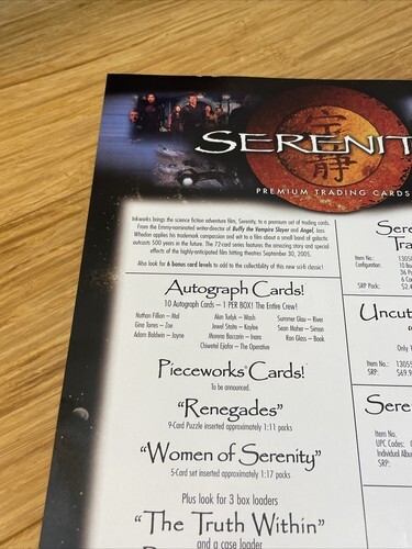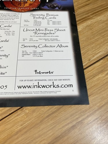 Inkworks 2005 Serenity Trading Card Promotional Poster KG JD
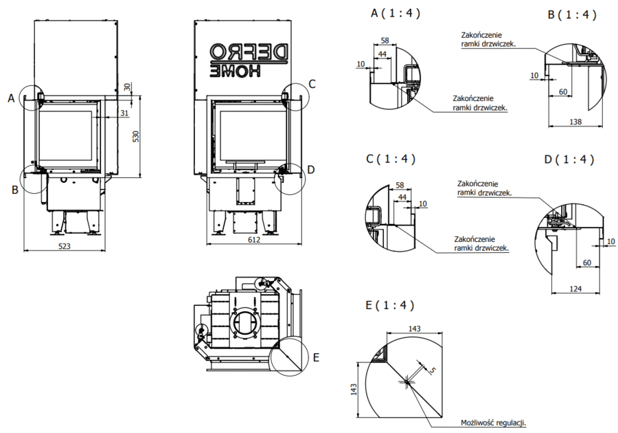 - Židinio kapsulė kampiniu dešinės pusės stiklu Defro Home Intra XSM BP MINI G pakeliamomis durelėmis.
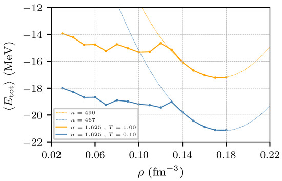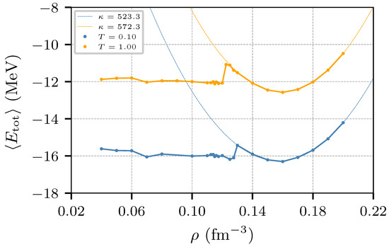 Average energy per nucleon as a function of the density for nuclear matter at and MeV. The systems were constructed with 500 protons and 500 neutrons. The dashed lines correspond to quadratic fittings of the energies in the density range = 0.13–0.18 fm−3. The estimates of the compressibility can be seen in the legend.

* * *

Give back the whole listing exactly as it stands. Drop every picture.

--- Worked solution ---
 Inkworks 2005 Serenity Trading Card Promotional Poster KG JD
 - Židinio kapsulė kampiniu dešinės pusės stiklu Defro Home Intra XSM BP MINI G pakeliamomis durelėmis.
 Average energy per nucleon as a function of the density for nuclear matter at and MeV. The systems were constructed with 500 protons and 500 neutrons. The dashed lines correspond to quadratic fittings of the energies in the density range = 0.13–0.18 fm−3. The estimates of the compressibility can be seen in the legend.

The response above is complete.